Work required >> Could you restate the data word for word and drop the pictures?

Information supplied >>
______________________________

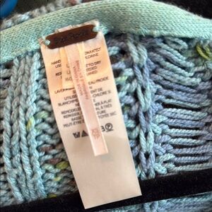 This Free People sweater in a striking blue hue features a unique blend of textures, combining an intricate knit pattern on the bodice with smooth, full-length sleeves. Off the shoulder, cropped length add a modern touch, making it a versatile piece for any wardrobe.
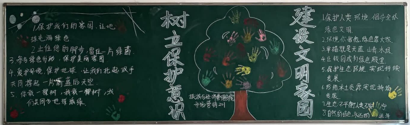 6月3日,在校40个班级共计一千七百余人,通过晚自习开展了 “人与自然和谐共生”的主题班会,并观看宣传片。各班级出了一期以环保为主题的黑板报以及手抄报。
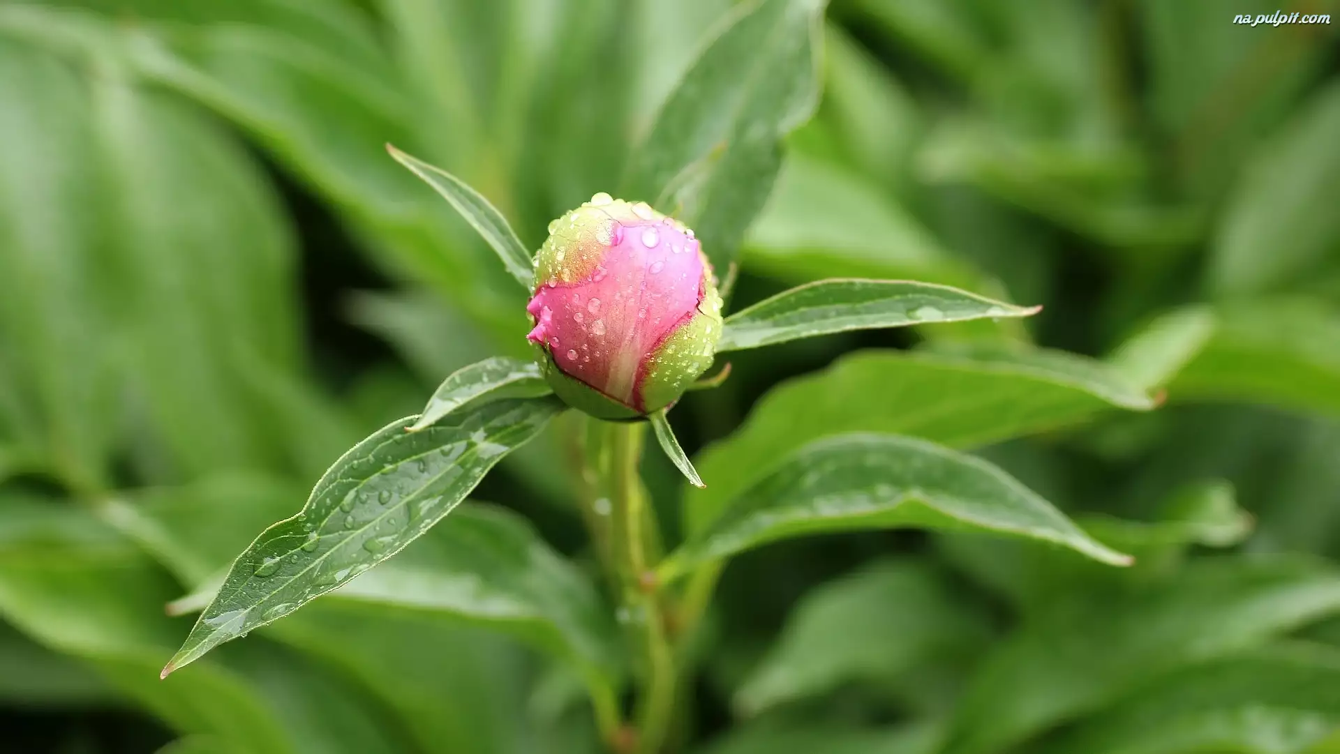 Piwonia, Kwiat, Liście, Wody, Pąk, Krople

______________________________

Answer area >>
 This Free People sweater in a striking blue hue features a unique blend of textures, combining an intricate knit pattern on the bodice with smooth, full-length sleeves. Off the shoulder, cropped length add a modern touch, making it a versatile piece for any wardrobe.
 6月3日,在校40个班级共计一千七百余人,通过晚自习开展了 “人与自然和谐共生”的主题班会,并观看宣传片。各班级出了一期以环保为主题的黑板报以及手抄报。
 Piwonia, Kwiat, Liście, Wody, Pąk, Krople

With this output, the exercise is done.